Della politica americana si possono dire molte cose, ma non si può dire che sia noiosa. In meno di due mesi abbiamo assistito: alla condanna dell’ex Presidente e candidato repubblicano (30 maggio); a un dibattito disastroso in cui l’attuale Presidente, Joe Biden, si è dimostrato incapace di fare una campagna elettorale efficace (27 giugno); a un attentato a cui Donald Trump è sfuggito per qualche millimetro (13 luglio). Oggi (21 luglio), il presidente Biden si ritira dalla corsa e appoggia la sua vicepresidente, Kamala Harris, per la carica. 

Non sembra saggio fare previsioni sull’esito della corsa alla Casa Bianca. Può però valere la pena azzardare tre previsioni su ciò che potrebbe accadere nelle prossime settimane e in vista della Convention nazionale democratica che si terrà a Chicago in agosto.

Una rinascita per i Democratici?

Innanzitutto, come abbiamo potuto vedere sui social network nelle ore successive, la reazione immediata dei principali Democratici alla decisione di Joe Biden è stata un enorme sospiro di sollievo e un nuovo slancio di entusiasmo per le possibilità del partito a novembre.
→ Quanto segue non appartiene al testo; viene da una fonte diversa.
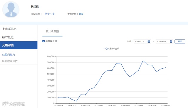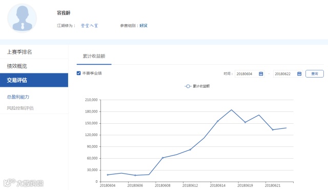 容我醉,6月初报名参赛,在6月7日开始爆发,一波连续7天的重仓盈利使他实现一个月的较大收益。他的目标是今年的冠军,他认为一个月的成绩不足一提,会继续做好自己的交易系统,用胜利和盈利来优化自己的交易状态,实现更大的突破。但毕竟江湖高手众多,本次大赛好汉组也是竞争相当激烈,截止25日,“容我醉”在好汉组排名已经暂时降到第7位。江湖过招,硝烟四起,“容我醉”我们拭目以待。

I democratici hanno raccolto più di 5 milioni di dollari in poco più di dall’annuncio del presidente degli Stati Uniti. Questa reazione è del tutto ragionevole. Come ho già scritto in queste pagine, con Biden come candidato, a meno di qualche evento imprevisto e catastrofico, i Democratici erano certi di perdere. Oggi, molte cose sono in sospeso – il che significa che hanno almeno una possibilità di vincere.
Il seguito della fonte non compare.